# Recording problems with M-Audio Delta 1010LT and Sonar



## TomAwesome (Feb 6, 2008)

I figured this fit better here than in the recording studio forum because it seems to be more of a technical issue. Anyway, I got an M-Audio Delta 1010LT PCI card yesterday. It's a neat piece of hardware, but I'm having trouble recording with it. After spending all night working on it, I've made some progress, but I don't quite seem to be there yet. It's probably going to end up being some stupid thing that I've overlooked, but I'm the kind of guy that usually sticks with the motherboard's built in sound card, so this is a little different for me.

I'm using Sonar, and I can't seem to get the audio into the DAW from my POD X3 Live. The connections are fine, and I can hear the audio through the speakers. Sonar doesn't seem to want to let me choose the right inputs, though. I think it might be a driver issue. Sonar keeps defaulting back to the ASIO4ALL drivers, even when I tell it to use the M-Audio Delta ASIO drivers. In the drivers tab of the audio options window where I choose which ins and outs I want to use, it shows all the analog ins/outs with ASIO4ALL drivers as being selectable. Under that, the same analog ins/outs and the S/PDIF ins/outs are listed with the M-Audio ASIO drivers, but they're grayed out and aren't selectable.

I was originally going to record with the S/PDIF, but I decided to try one of the analog inputs with the ASIO4ALL drivers, since that's all that was selectable. I selected the appropriate input on the audio track, but the audio still wasn't going through to the DAW.

Does anyone have any idea what might be going on here? The troubleshooting in the M-Audio manual basically says that most problems are caused by IRQ conflicts, but that doesn't really seem to be what's going on here.

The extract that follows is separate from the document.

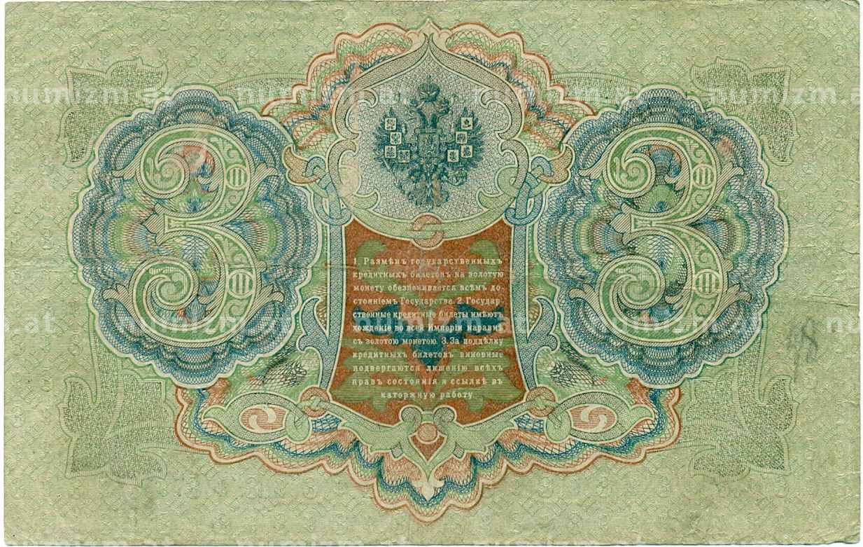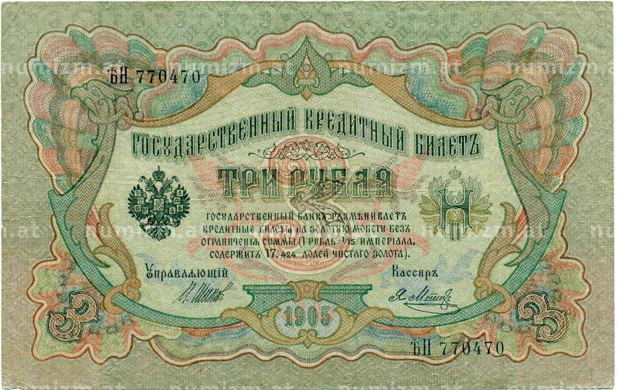 Банкнота 3 рубля 1905 года Шипов / Метц (Артикул: K10-7254): подробные характеристики, качественные фотографии в высоком разрешении, низкая цена.
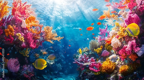 Naklejka premium Sunlit Underwater Scene with Vibrant Coral Reef and Fish

Edit: The analog ins and outs are working with the ASIO4ALL drivers now, but it's still forcing me to use those, and I've still got no usable S/PDIF.


----------



## Thomas (Feb 6, 2008)

Somewhat off-topic, but are you connecting the Pod into the Audio Delta sound card? If so, is there any particular reason you connect the Pod directly through USB and record that way?


----------



## TomAwesome (Feb 6, 2008)

Thomas said:


> Somewhat off-topic, but are you connecting the Pod into the Audio Delta sound card? If so, is there any particular reason you connect the Pod directly through USB and record that way?



Yes, the POD is plugged into the M-Audio card. If you meant to ask if there's any reason I _don't_ record the POD directly via USB, it's because I was having trouble with that, too. It wasn't really working right for me at all. I heard that it's currently a pretty common problem with the X3s, though, and I'm a lot closer to getting this sound card working for me than I was with the POD USB. I was able to record using my vocalist's Digitech RPX400 as an external USB sound card, but it sounded like crap.


----------



## Thomas (Feb 6, 2008)

TomAwesome said:


> Yes, the POD is plugged into the M-Audio card. If you meant to ask if there's any reason I _don't_ record the POD directly via USB, it's because I was having trouble with that, too. It wasn't really working right for me at all. I heard that it's currently a pretty common problem with the X3s, though, and I'm a lot closer to getting this sound card working for me than I was with the POD USB. I was able to record using my vocalist's Digitech RPX400 as an external USB sound card, but it sounded like crap.


To be honest, I think it would be wiser to work on getting the Pod working through USB, as hooking it up to a redundant middle-man (your sound card) very much seems like a patch-solution to me.

By connecting it like you described in your initial post, it is almost certainly bound to lower your signal quality. I know it has every time I plugged mine into a soundcard, but then again, those were probably not anywhere as good as an Audio Delta.

You seem to be using Windows, and I do not have any experience with setting the Pod up there, but I'm sure a lot of the folks who post here, particularly in the 'Recording Studio' section, do.

I know this isn't very helpful regarding your initial problem, but I'm almost certain it will work out with a little effort.


----------



## keithb (Feb 6, 2008)

Sonar is weird about picking ASIO devices. I have a PODxt and a M-audio Firewire Solo. I run the POD through the M-audio interface since I want to be able to record the POD and use the mic/line inputs on the M-audio without restarting my DAW, and ASIO doesn't support multiple devices.

However, if I have my PODxt powered on when I start Sonar, it always gets selected as the ASIO device rather than the M-audio interface. I searched a bit and it seems that this is a common problem with Sonar, and there's no real workaround. I'm guessing you're experiencing a similar problem. Maybe try switching to the WDM/KS drivers?


----------